Read through the lines below for the string "HIAS" and copy each one that has it.

==== Entries shown ====

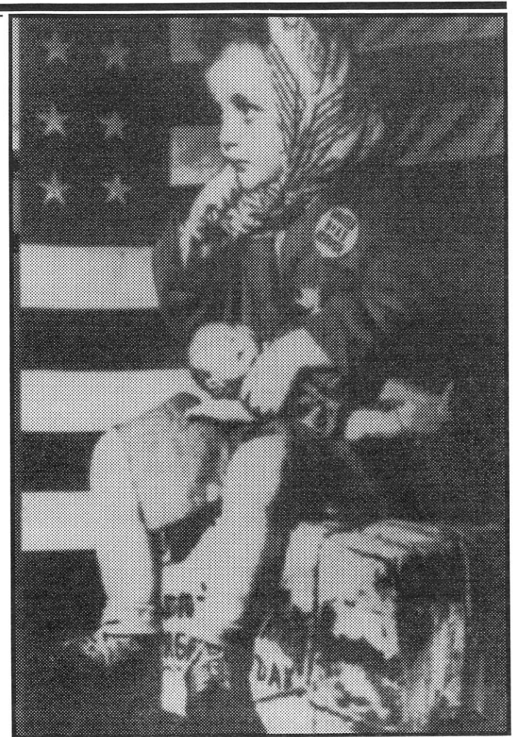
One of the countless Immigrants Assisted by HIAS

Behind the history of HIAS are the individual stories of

====
==== Entries shown ====

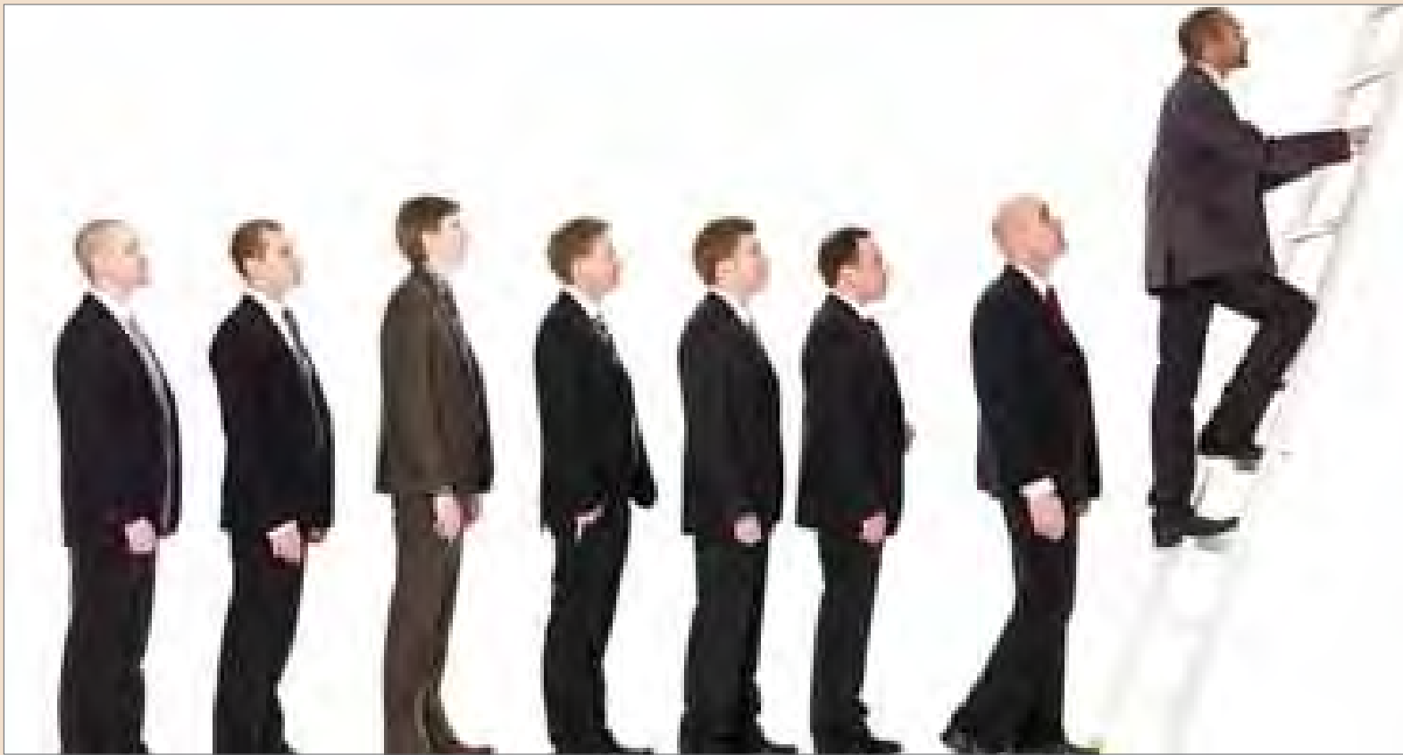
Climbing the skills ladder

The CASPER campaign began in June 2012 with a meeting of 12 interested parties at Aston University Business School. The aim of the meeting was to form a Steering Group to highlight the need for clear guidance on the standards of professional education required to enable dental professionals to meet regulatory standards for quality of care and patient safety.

====
==== Entries shown ====

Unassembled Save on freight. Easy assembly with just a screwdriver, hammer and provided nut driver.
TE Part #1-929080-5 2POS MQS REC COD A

====

## Response area
One of the countless Immigrants Assisted by HIAS
Behind the history of HIAS are the individual stories of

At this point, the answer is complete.